Because pigmented basal cell carcinoma can resemble a mole, a dark age spot, or even melanoma, it’s easy to misidentify. These growths tend to develop slowly on the head and neck, and they may have slightly raised, rolled edges. If you notice a new, dark, shiny bump in those areas that slowly enlarges over months, it’s worth having it examined.

Telling Cancer Apart From Common Benign Spots

Dark skin is more prone to certain benign growths that can cause confusion. Dermatosis papulosa nigra, for example, produces small, round, dark brown bumps that commonly appear on the cheeks, temples, and forehead. They start during adolescence and slowly increase in number with age. The key differences: these benign spots are typically small and uniform in size, appear symmetrically on both sides of the face, and don’t have scaling, crusting, or ulceration. They look like each other.
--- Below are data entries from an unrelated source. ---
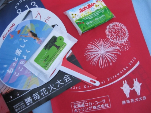 赤い袋の中には勝毎花火大会のパンフレット、うちわ(2)、
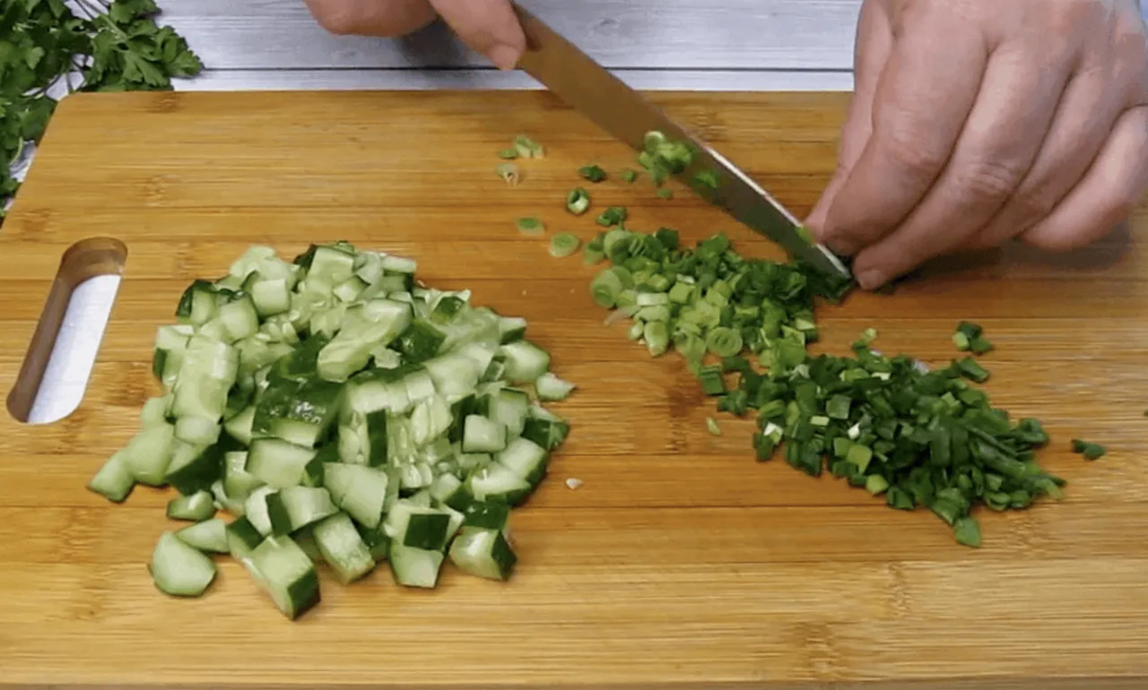 Ось і уся підготовка. Збираю салат. Яйця, огірок, зелень відправляю до салатника.
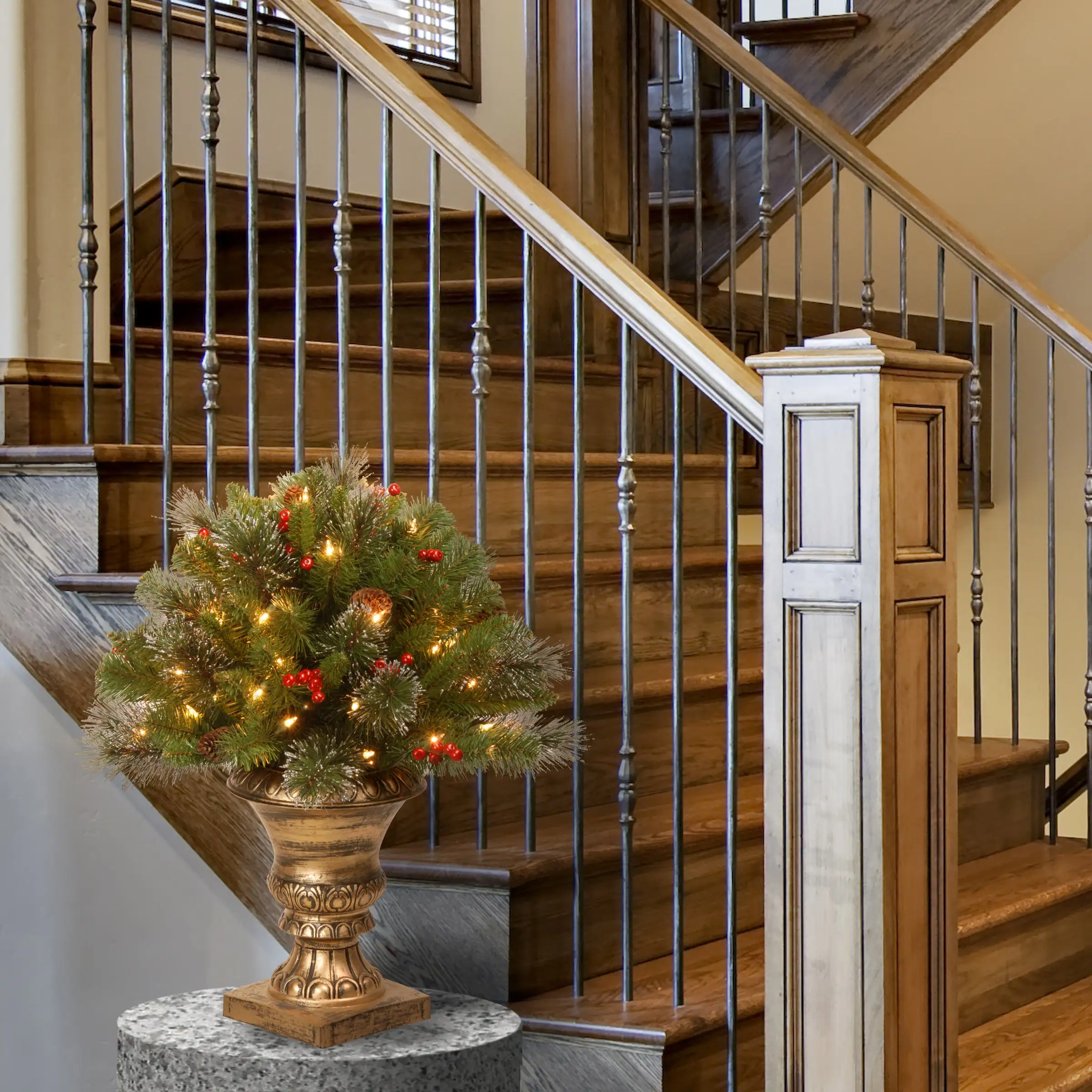 This Crestwood Spruce Porch Bush is a welcoming addition to doorway, deck, porch or patio. Trimmed with silver bristle, pine cones, red berries and glitter, this potted bush is pre-lit with 35 clear lights that remain lit even if a bulb burns out. Display this attractive greenery in any indoor or covered outdoor location.
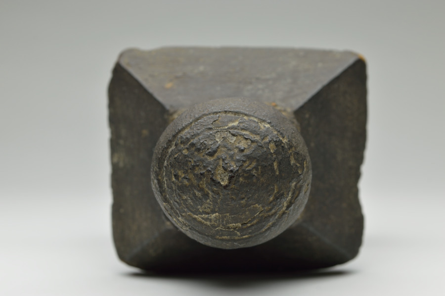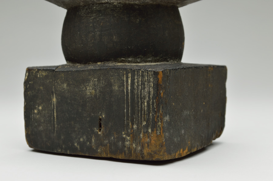 東北で仕入れた木彫の五輪塔。一木で平鑿で掘り出されており、内部には舎利容器などを入れる部分はありません。材は檜などの針葉樹材で非常に軽くなっており長い歳月が経っているのは容易に感じることが出来ます。木彫のこのような造形は石造のものに比べると非常に少なく希少です。庶民の信仰の遺物としても資料的価値の高いものです。一見、素朴で江戸の民間仏のような印象も受けますが、造形やこの地域の古い木彫仏などの造形から判断し中世のものと判断しております。室町以前。
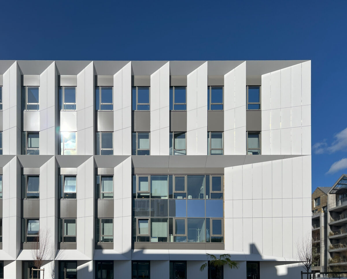 – Les habitations : squelette béton, façades ossature bois + bardage bois, balcons rapportés pour garantir une enveloppe thermique optimale, toitures zinc.
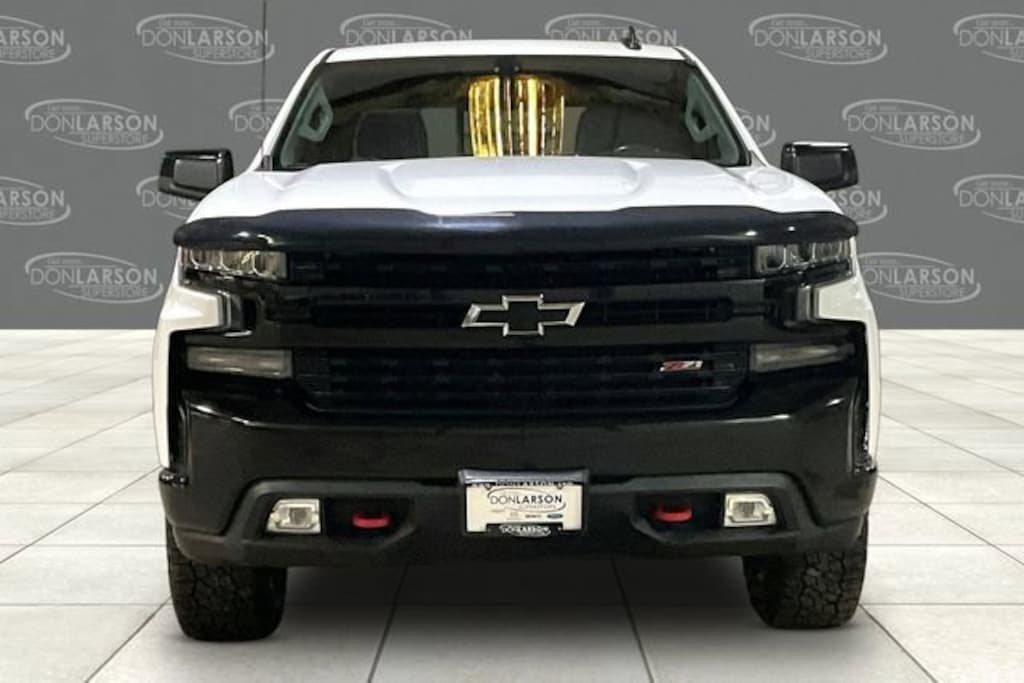 Recent Arrival! 8-Speed Automatic, 4WD, Black Cloth, 10-Way Power Driver Seat w/Lumbar, 12-Volt Rear Auxiliary Power Outlet, 120-Volt Bed Mounted Power Outlet, 120-Volt Instrument Panel Power Outlet, 170 Amp Alternator, 2 USB Ports, 2 USB Ports (First Row), 3.23 Rear Axle Ratio, 4-Way Manual Driver Seat Adjuster, 4-Wheel Disc Brakes, 4.2 Diagonal Color Display Driver Info Center, 40/20/40 Front Split-Bench Seat, 6 Speakers, 6-Speaker Audio System, ABS brakes, Air Conditioning, All-Weather Floor Liner (LPO) (AAK), Alloy wheels, AM/FM radio: SiriusXM, Apple CarPlay/Android Auto, Auxiliary External Transmission Oil Cooler, Bluetooth® For Phone, Brake assist, Chevrolet Connected Access, Chevrolet w/4G LTE, Cloth Rear Seat w/Storage Package, Cloth Seat Trim, Color-Keyed Carpeting Floor Covering, Compass, Convenience Package II, Convenience Package w/Buckets Seats, Deep-Tinted Glass, Delay-off headlights, Driver door bin, Driver vanity mirror, Dual Exhaust w/Polished Outlets, Dual front impact airbags, Dual front side impact airbags, Dual-Zone Automatic Climate Control, Electric Rear-Window Defogger, Electrical Lock Control Steering Column, Electronic Cruise Control, Electronic Stability Control, Floor Mounted Console, Front anti-roll bar, Front Bucket Seats, Front Center Armrest w/Storage, Front fog lights, Front LED Fog Lamps, Front License Plate Kit, Front reading lights, Front wheel independent suspension, Fully automatic headlights, HD Radio, HD Rear Vision Camera, Heated door mirrors, Heated Driver & Front Passenger Seats, Heated Steering Wheel, Heavy-Duty Rear Locking Differential, High Capacity Air Filter, High Gloss Black Grille, High Gloss Black Mirror Caps, Hill Descent Control, Hitch Guidance, Illuminated entry, Integrated Trailer Brake Controller, Keyless Open & Start, Leather Wrapped Steering Wheel, LED Cargo Area Lighting, Low tire pressure warning, Manual Tilt Wheel Steering Column, Manual Tilt/Telescoping Steering Column, Molded Black Splash Guards (LPO), Occupant sensing airbag, Off-Road Suspension w/2 Lift, OnStar & Chevrolet Connected Services Capable, Outside temperature display, Overhead airbag, Overhead console, Panic alarm, Passenger door bin, Passenger vanity mirror, Performance Red Recovery Hooks, Power Door Locks, Power door mirrors, Power Front Windows w/Driver Express Up/Down, Power Front Windows w/Passenger Express Down, Power Rear Windows w/Express Down, Power Sliding Rear Window w/Rear Defogger, Power steering, Power windows, Preferred Equipment Group 2LT, Premium audio system: Chevrolet Infotainment System 3, Premium Bose 7-Speaker Sound System, Radio data system, Radio: Chevrolet Infotainment 3 Plus System, Radio: Chevrolet Infotainment 3 System, Rear 60/40 Folding Bench Seat (Folds Up), Rear Dual USB Charging-Only Ports, Rear reading lights, Rear step bumper, Rear Vision Camera, Rear window defroster, Remote keyless entry, Remote Vehicle Starter System, Security system, Single-Zone Manual/Semi-Automatic Air Conditioning, SiriusXM Radio, Speed control, Speed-sensing steering, Split folding rear seat, Steering Wheel Audio Controls, Steering wheel mounted audio controls, Suspension Package, Tachometer, Theft Deterrent System (Unauthorized Entry), Tilt steering wheel, Traction control, Trailering Package, Trip computer, Universal Home Remote, Variably intermittent wipers, Voltmeter, Wheels: 18 x 8.5 Black Painted Aluminum, 8-Speed Automatic, 4WD, Black Cloth.JUST GET MORE AT THE DON LARSON SUPERCENTER! Proudly servicing Baraboo, Wisconsin Dells, Portage, North Freedom, Middleton, Madison, Mauston, Lodi, Lake Delton, Waunakee, De Forest, Sun Prairie, and Reedsburg!Please call today to schedule your test drive on this ... 2019 Chevrolet Silverado 1500 LT Trail Boss EcoTec3 5.3L V8 Summit White

A helpful principle for spotting something suspicious is the “ugly duckling” concept. When you look at all the spots on your skin, the one that looks different from the rest is the one most worth watching. It might be darker, shaped differently, larger, or changing when nothing else is. That mismatch is often more telling than any single feature of the spot itself.

For individual spots, the classic ABCDE checklist still applies. Look for asymmetry (one half doesn’t mirror the other), border irregularity (edges are ragged or blurred), color variation (multiple shades of brown, black, or other colors within a single spot), diameter greater than 6 millimeters (about the size of a pencil eraser), and evolution (any change in size, shape, or color over time). Evolution is the most important of these. Any spot that is clearly changing deserves attention, even if it doesn’t check the other boxes.

What to Look For in a Self-Check

Because skin cancer in Black patients tends to favor hidden areas, a thorough self-check covers different ground than you might expect. Focus on your palms, the spaces between your fingers, your fingernails and toenails (including the skin around them), the soles of your feet, your lower legs, and your scalp. Use a mirror or ask someone to help with areas you can’t see easily.

Look for any new dark streak on a single nail, a sore or rough patch that doesn’t heal within a few weeks, a dark spot on the sole or palm that’s irregularly shaped or changing, and any growth within an old scar or area of chronic skin irritation. Changes in both color and texture together are especially significant. A patch that becomes scaly, crusty, or starts bleeding intermittently is more concerning than a smooth, stable dark spot that has been there for years.

The US Preventive Services Task Force currently has no formal screening recommendation specifically for people with darker skin, which means routine professional skin checks aren’t always part of standard care. This gap makes self-awareness even more important. Knowing what your skin normally looks like, including in the places you’d never think to look, is the most practical tool for catching something early.